Ore classification represents a critical stage in mineral processing, directly influencing production efficiency, resource utilization, and processing costs [1,2,3]. Traditional manual, experience-driven sorting methods suffer from inherent limitations, including low efficiency, high costs, and strong subjectivity, rendering them inadequate for modern industrial scenarios [4]. Accurate and reliable classification serves not only as the foundation for ore quality monitoring and grade assessment but also as a prerequisite for flowsheet optimization and efficient resource utilization. With the advent of intelligent manufacturing, modern mineral processing imposes increasingly stringent technical requirements on classification models, particularly emphasizing strong adaptability under small sample conditions, an essential capability to address the challenges of complex sample distributions and limited data availability in practical industrial settings [5,6].

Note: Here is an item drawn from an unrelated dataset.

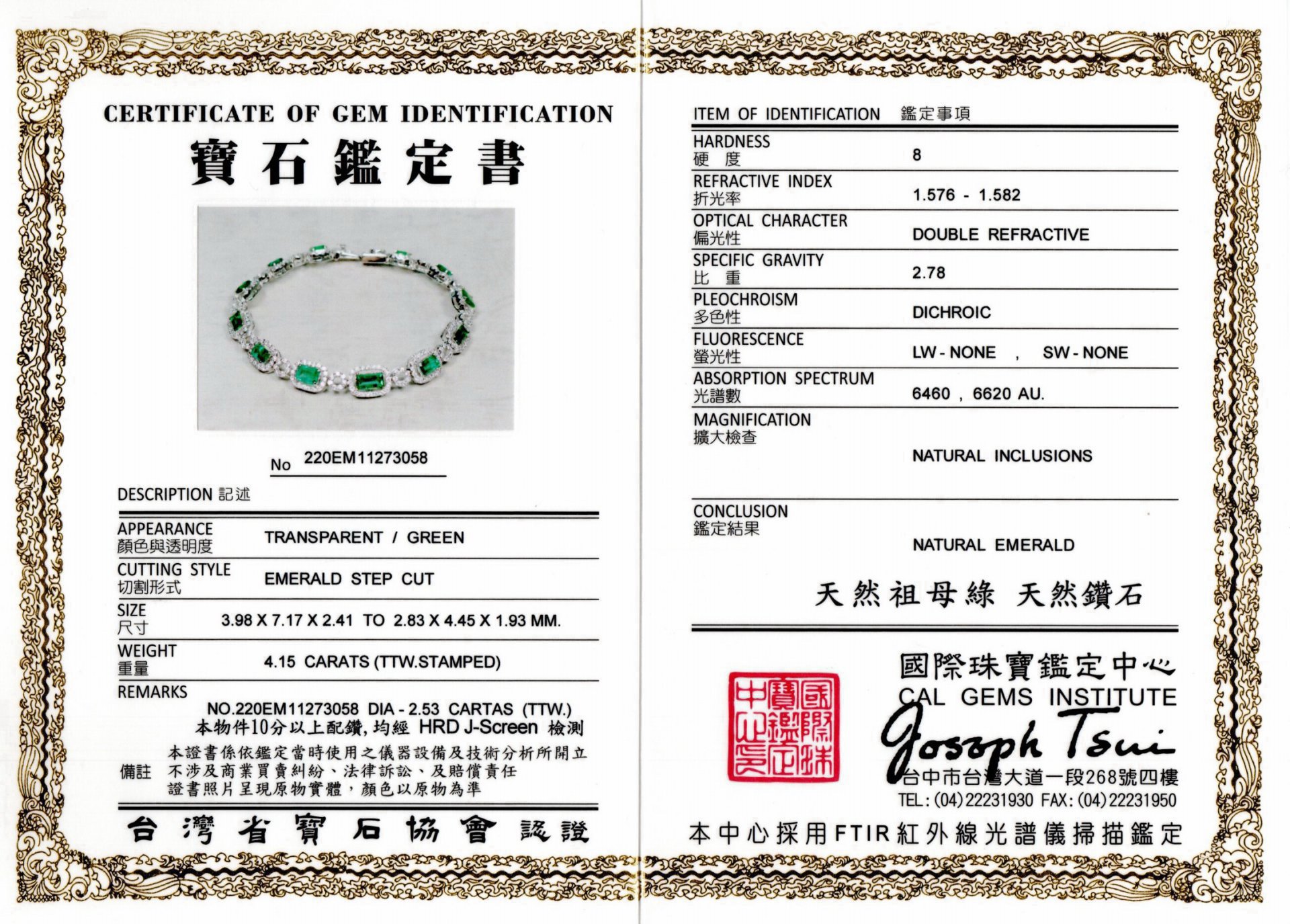 配石:鑽石258粒共2.53CT;祖母綠12粒共4.15CT

As a major branch of machine learning, deep learning has emerged as a core technology for intelligent recognition of ore images, demonstrating stable applicability and strong representational capacity across multiple minerals and scenarios. In multi-class mineral recognition, improved convolutional neural networks have achieved high classification accuracy on public datasets containing seven classes such as malachite and bornite, confirming the ability of deep features to capture fine-grained mineral differences [7]. For the discrimination of polymetallic sulfide tailings, multimodal strategies that fuse imagery and spectroscopy significantly improve reliability while maintaining efficiency, meeting field requirements for both timeliness and accuracy [8]. In coal-related ore classification, attention mechanisms enhance responses to key textures and color regions, thereby improving feature extraction quality and classification performance [9].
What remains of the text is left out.